Form 8-K

 

 

UNITED STATES

SECURITIES AND EXCHANGE COMMISSION

Washington, DC 20549

 

 

FORM 8-K

 

 

CURRENT REPORT

Pursuant to Section 13 or 15(d) of the

Securities Exchange Act of 1934

Date of Report (Date of earliest event reported): October 21, 2010

 

 

OMEROS CORPORATION

(Exact name of registrant as specified in its charter)

 

 

 

Washington   001-34475   91-1663741

(State or other jurisdiction

of incorporation)

 

(Commission

File Number)

 

(IRS Employer

Identification No.)

1420 Fifth Avenue, Suite 2600

Seattle, Washington 98101

(Address of principal executive offices, including zip code)

(206) 676-5000

(Registrant’s telephone number, including area code)

(Former name or former address, if changed since last report)

 

 

Check the appropriate box below if the Form 8-K filing is intended to simultaneously satisfy the filing obligation of the registrant under any of the following provisions (see General Instruction A.2. below):

 

¨ Written communications pursuant to Rule 425 under the Securities Act (17 CFR 230.425)

 

¨ Soliciting material pursuant to Rule 14a-12 under the Exchange Act (17 CFR 240.14a-12)

 

¨ Pre-commencement communications pursuant to Rule 14d-2(b) under the Exchange Act (17 CFR 240.14d-2(b))

 

¨ Pre-commencement communications pursuant to Rule 13e-4(c) under the Exchange Act (17 CFR 240.13e-4(c))

 

 

 


Item 1.01 Entry into a Material Definitive Agreement.

Vulcan Agreement

On October 21, 2010, Omeros Corporation (“Omeros”), Vulcan Inc. and Cougar Investment Holdings LLC, an affiliate of Vulcan Inc. (“Vulcan Sub” and, together with Vulcan Inc., “Vulcan”), entered into a Platform Development Funding Agreement (the “Vulcan Agreement”). Pursuant to the Vulcan Agreement, Vulcan Sub paid Omeros $20 million and Omeros has agreed to pay Vulcan Sub tiered percentages of the net proceeds derived from Omeros’ G protein-coupled receptor program (the “GPCR Program”).
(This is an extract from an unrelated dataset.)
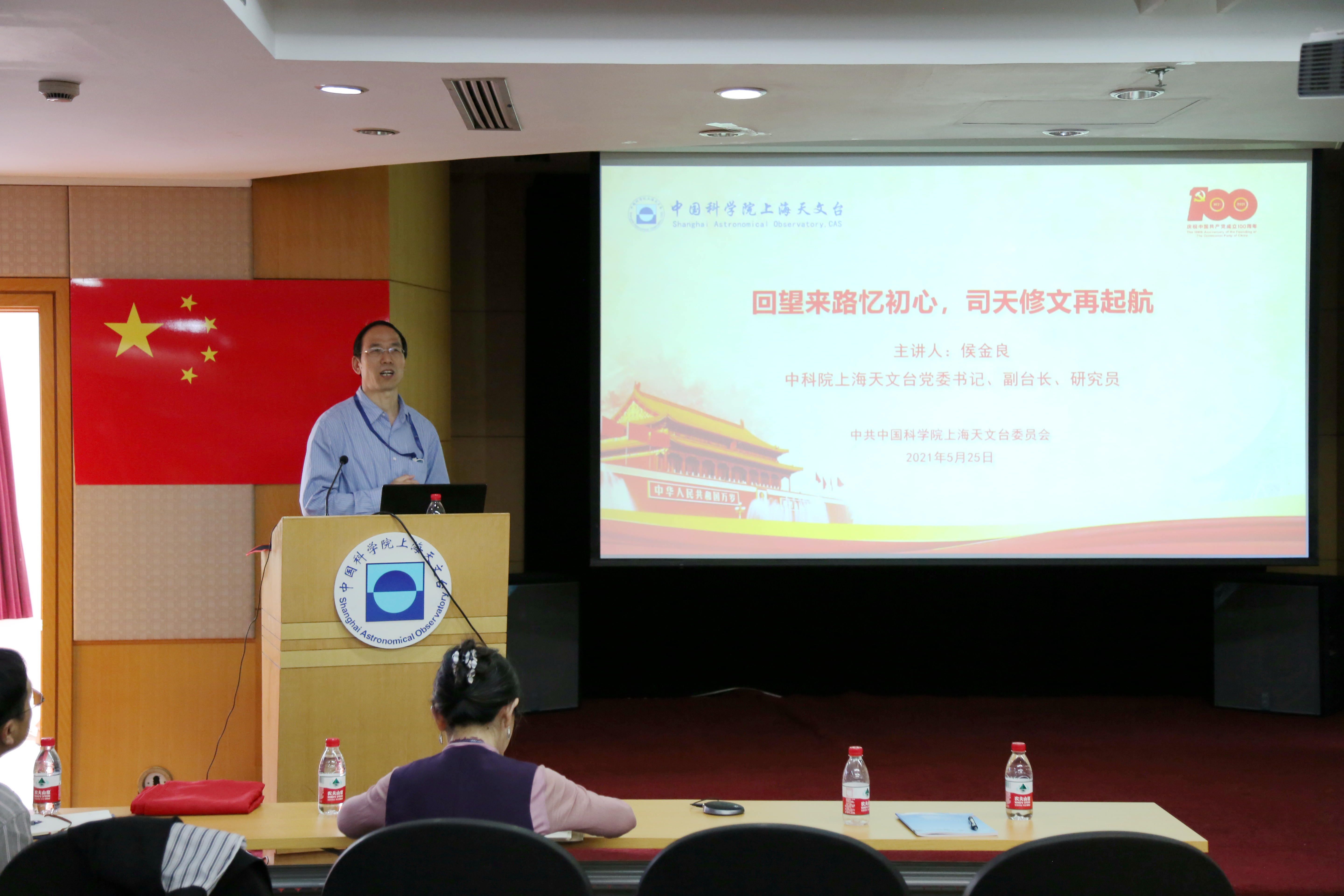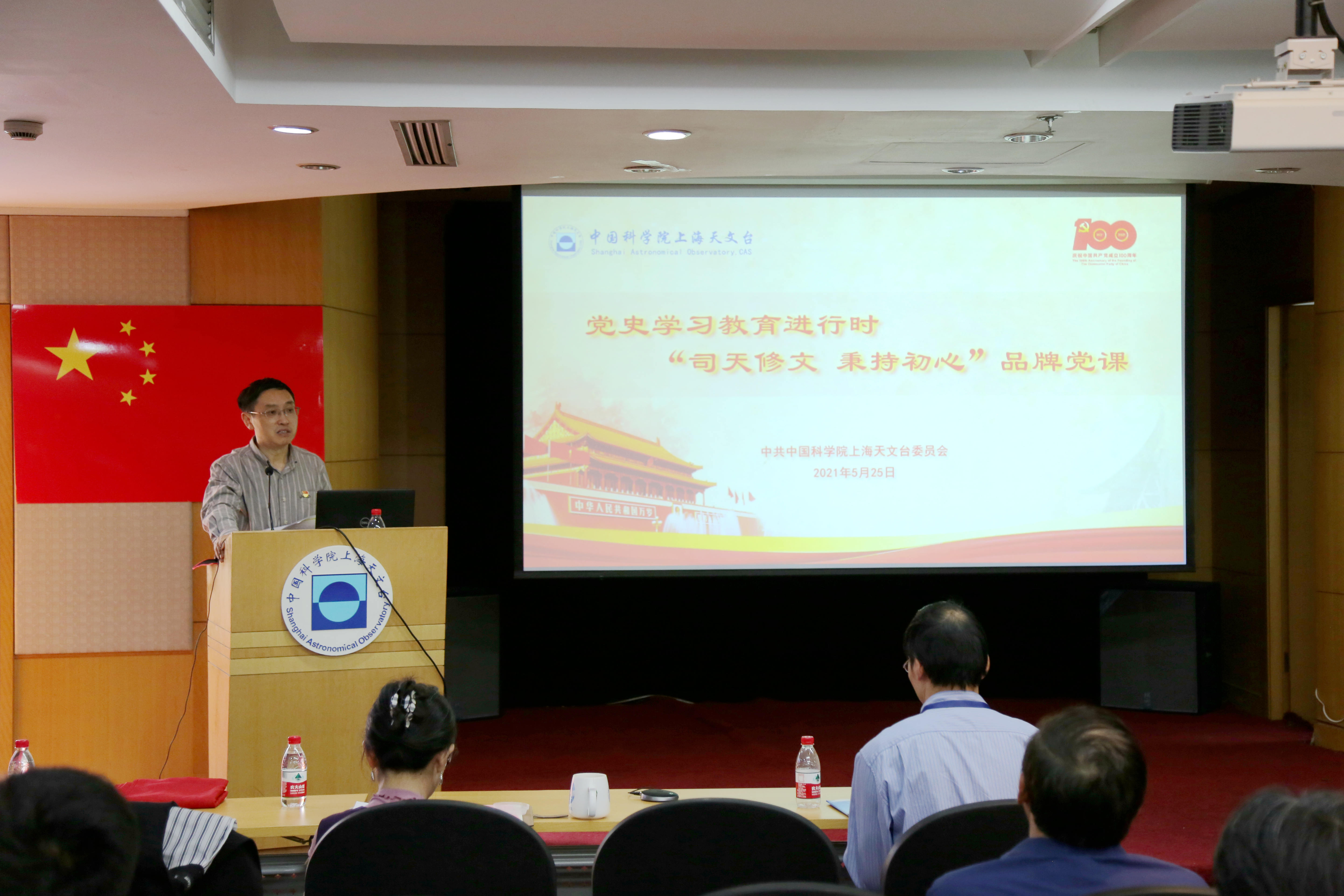 为庆祝中国共产党成立100周年,深入开展党史学习教育,激发广大党员、团员、职工和学生学史明理、学史增信、学史崇德、学史力行,实现学党史、悟思想、办实事、开新局,结合上海分院分党组、沪区党委组织开展的“百名党员讲百年党史”活动通知,5月25日下午,上海天文台开展“觉醒时分 追寻初心之源”党史学习教育,并正式启动“司天修文 秉持初心”品牌党课,激励党员干部不断加强党性修养,进一步坚定理想信念和科技报国之心。近百名党员通过线上线下的形式分别在徐家汇园区和佘山科技园区参加了会议。会议由台党委副书记、副台长陶隽主持。

Also on October 21, 2010, Omeros and the Life Sciences Discovery Fund Authority, a granting agency of the State of Washington (“LSDF”), entered into the LSDF Agreement pursuant to which LSDF made a grant award to Omeros of $5 million that will be paid against expenses incurred by Omeros related to the GPCR Program. Pursuant to the LSDF Agreement, Omeros has agreed to pay LSDF tiered percentages of the net proceeds derived from the GPCR Program. The LSDF Agreement is described in additional detail below under the heading “LSDF Agreement.”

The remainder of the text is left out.